The Family Included team regards this research as among the most valuable that has come forward in the past year and strongly recommends anyone considering the practical implementation of family inclusive care to read the full article and make contact with the team in Tanzania. (Contact details below.)
The Tanzanian Ministry of Health, in line with WHO recommendations, emphasises the particular importance of male involvement during ANC, but in common with everywhere else in the developing world where such aspirations exist, there is a gap between aspiration and reality.
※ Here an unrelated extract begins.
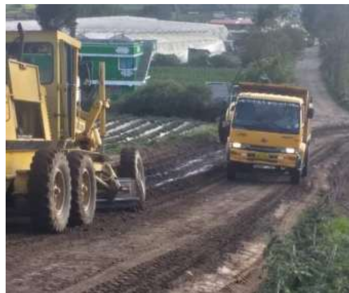
Mejoramiento de vía Comunidad Cajas Jurídica

The African Woman Foundation, through its Woman Centred Care Project, set about finding out why this is the case in a rural district of Tanzania, Magu. The research consisted of observations, focus groups and interviews. A total of 9 focus groups were held of 2-3 hours each including 6-12 participants with a total of 40 men and 26 women. Interviews were held with 26 men of whom some had accompanied their wives, some had not and some had wives who had not attended clinics either. In addition, a questionnaire sought information and views from 156 women regarding their partners’ involvement in their pregnancy.
In common with other studies, the attitudes towards male involvement were positive. Men were positive, women also. Health care workers and traditional birth attendants also generally supported the approach of involving men. So why does the practice remain so rare?
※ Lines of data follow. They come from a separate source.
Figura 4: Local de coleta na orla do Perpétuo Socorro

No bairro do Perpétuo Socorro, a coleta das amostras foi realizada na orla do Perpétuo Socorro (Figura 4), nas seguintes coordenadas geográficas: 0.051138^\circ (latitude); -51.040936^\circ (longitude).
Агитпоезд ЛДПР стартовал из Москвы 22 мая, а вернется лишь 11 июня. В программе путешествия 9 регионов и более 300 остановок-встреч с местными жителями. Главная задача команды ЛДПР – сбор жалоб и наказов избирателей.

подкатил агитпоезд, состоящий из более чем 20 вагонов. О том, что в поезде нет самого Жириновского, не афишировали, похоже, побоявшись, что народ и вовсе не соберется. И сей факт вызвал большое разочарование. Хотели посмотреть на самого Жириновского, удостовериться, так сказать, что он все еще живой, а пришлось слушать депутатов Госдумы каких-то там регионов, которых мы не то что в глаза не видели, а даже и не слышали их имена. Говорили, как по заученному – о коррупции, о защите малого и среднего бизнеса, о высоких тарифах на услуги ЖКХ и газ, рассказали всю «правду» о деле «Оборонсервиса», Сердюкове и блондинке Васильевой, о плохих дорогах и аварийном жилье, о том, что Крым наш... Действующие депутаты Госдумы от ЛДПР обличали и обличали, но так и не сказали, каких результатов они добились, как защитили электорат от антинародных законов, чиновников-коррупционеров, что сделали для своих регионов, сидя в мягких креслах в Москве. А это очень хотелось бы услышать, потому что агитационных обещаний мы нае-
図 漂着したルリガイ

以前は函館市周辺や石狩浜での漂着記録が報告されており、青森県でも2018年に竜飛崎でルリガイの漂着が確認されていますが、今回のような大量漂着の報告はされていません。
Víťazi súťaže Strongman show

The research revealed a number of barriers:
- In Tanzania, attendance at antenatal clinics is used as a method to hook men into HIV testing. Whilst Government policy declares the benefits of men attending antenatal clinics, and invitations to antenatal clinics may state the importance of information and education for men, in reality the primary reason, known to everyone, is HIV testing and this is the only outcome by which antenatal clinics are measured. So the failure of men to attend antenatal clinics is, in reality, a failure to promote an HIV testing programme.
- Social and cultural norms are often presented as a barrier, though these do not constrain behaviour in all families. They include the shame men may feel if they do domestic work and a feeling that pregnancy is a woman’s issue only (a belief that both women and men may hold).
- Lack of knowledge about why it is important for men to be engaged.
- Perceived low accessibility of antenatal clinics to men and stories of their unfriendliness towards men (as well as towards the women themselves). For example, one question asked by a father in the study: what is the point of going if you just have to wait outside?
- Distance to travel and cost for men with high earning responsibilities. One man during a ‘men only’ focus group discussion, however, contradicted this, saying that better time management can solve such problems, an opinion that met with general agreement.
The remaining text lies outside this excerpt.